Ron DeSantis is in the race. For the last two decades, presidential campaigns have hinged on domestic concerns. But as a Marine veteran and member of Congress working on issues related to China and Russia, I hope and expect foreign affairs will play a bigger role this cycle. America can’t afford a president who’s tough on Disney and soft on Putin.
So far, DeSantis’ most notable foreign policy has been to throw Ukraine under the bus. After previously supporting Ukraine. Before walking those comments back and sort of supporting Ukraine again. Flip-flopping aside, DeSantis’ failure to condemn Putin’s revanchist invasion, as well as deeper investigation of DeSantis’ record, suggests the governor is a Jacksonian. Jacksonians reject values like democracy or freedom as drivers of foreign policy. To them, only vital security or economic interests justify foreign intervention.

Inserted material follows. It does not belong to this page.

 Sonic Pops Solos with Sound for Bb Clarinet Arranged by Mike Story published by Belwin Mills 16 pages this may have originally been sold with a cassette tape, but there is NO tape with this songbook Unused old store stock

The problem with DeSantis’ narrow worldview is that values are crucial to out-competing China and Russia. One way to tell? The Chinese Communist Party and the Kremlin insist that values shouldn’t matter in international relations. They win sympathy from the Global South by framing their contest with the West as a clash with an overbearing civilization. By contrast, Xi Jinping and Vladimir Putin lose hearts and minds when their totalitarian vision is framed against the West’s universal values of freedom, democracy, and individual rights.

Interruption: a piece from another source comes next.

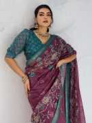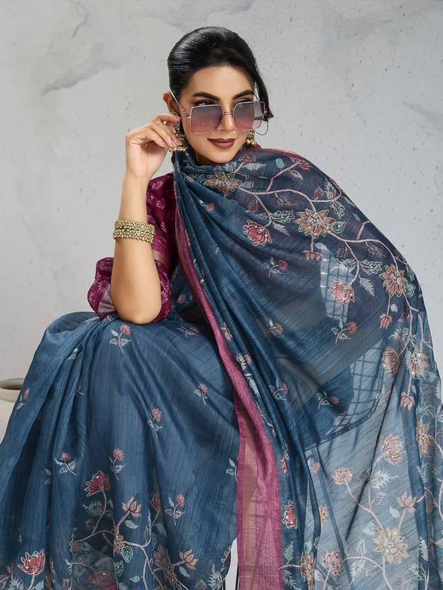 Pure Cotton Bollywood Digital Print & Printed & Woven Blue Color Saree

A President DeSantis would reject this helpful ideological competition with China and Russia. That’s ironic, because Gov. DeSantis has vaulted to prominence through ideological battle. He ceaselessly incites ideological conflict to his political benefit (and his state’s economic detriment.) It seems DeSantis has the stomach for fights with librarians, but not with the Wagner Group.

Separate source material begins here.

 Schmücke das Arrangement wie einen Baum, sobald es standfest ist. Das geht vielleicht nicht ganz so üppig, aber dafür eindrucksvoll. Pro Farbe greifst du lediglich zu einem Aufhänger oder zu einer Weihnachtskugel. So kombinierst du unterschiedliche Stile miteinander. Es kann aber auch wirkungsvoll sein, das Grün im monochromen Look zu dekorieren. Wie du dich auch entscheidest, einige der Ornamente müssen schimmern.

The connection between domestic and international values has never been more vital. Jan. 6, 2021, was Xi Jinping’s best day in office. It supported his case, to his own people and to the rest of the world, that America is decrepit and democracy doesn’t work. By investing in our economy and defending democracy at home and abroad, Joe Biden has made that case a lot harder. DeSantis doesn’t seem to want to argue it, at all.
Ronald Reagan did. Security and economic strategy was crucial, of course–but so was a powerful argument of the values at stake. But then the GOP took the wrong lessons from the disastrous adventurism of George W. Bush’s administration. Instead of accepting the limits of military might in building nations, it turned away from the importance of universal values to peoples of all nations.
The GOP must now decide whether its foreign policy reflects the leaders it once championed who stood up for democratic values against authoritarian regimes, or the MAGA mindset of DeSantis and Trump. China and Russia are rooting for an American president who dismisses values. American voters should not.
by Jake Auchincloss,
a Marine veteran and member of Congress who serves on the House Select Committee on China. He represents the Massachusetts 4th Congressional District.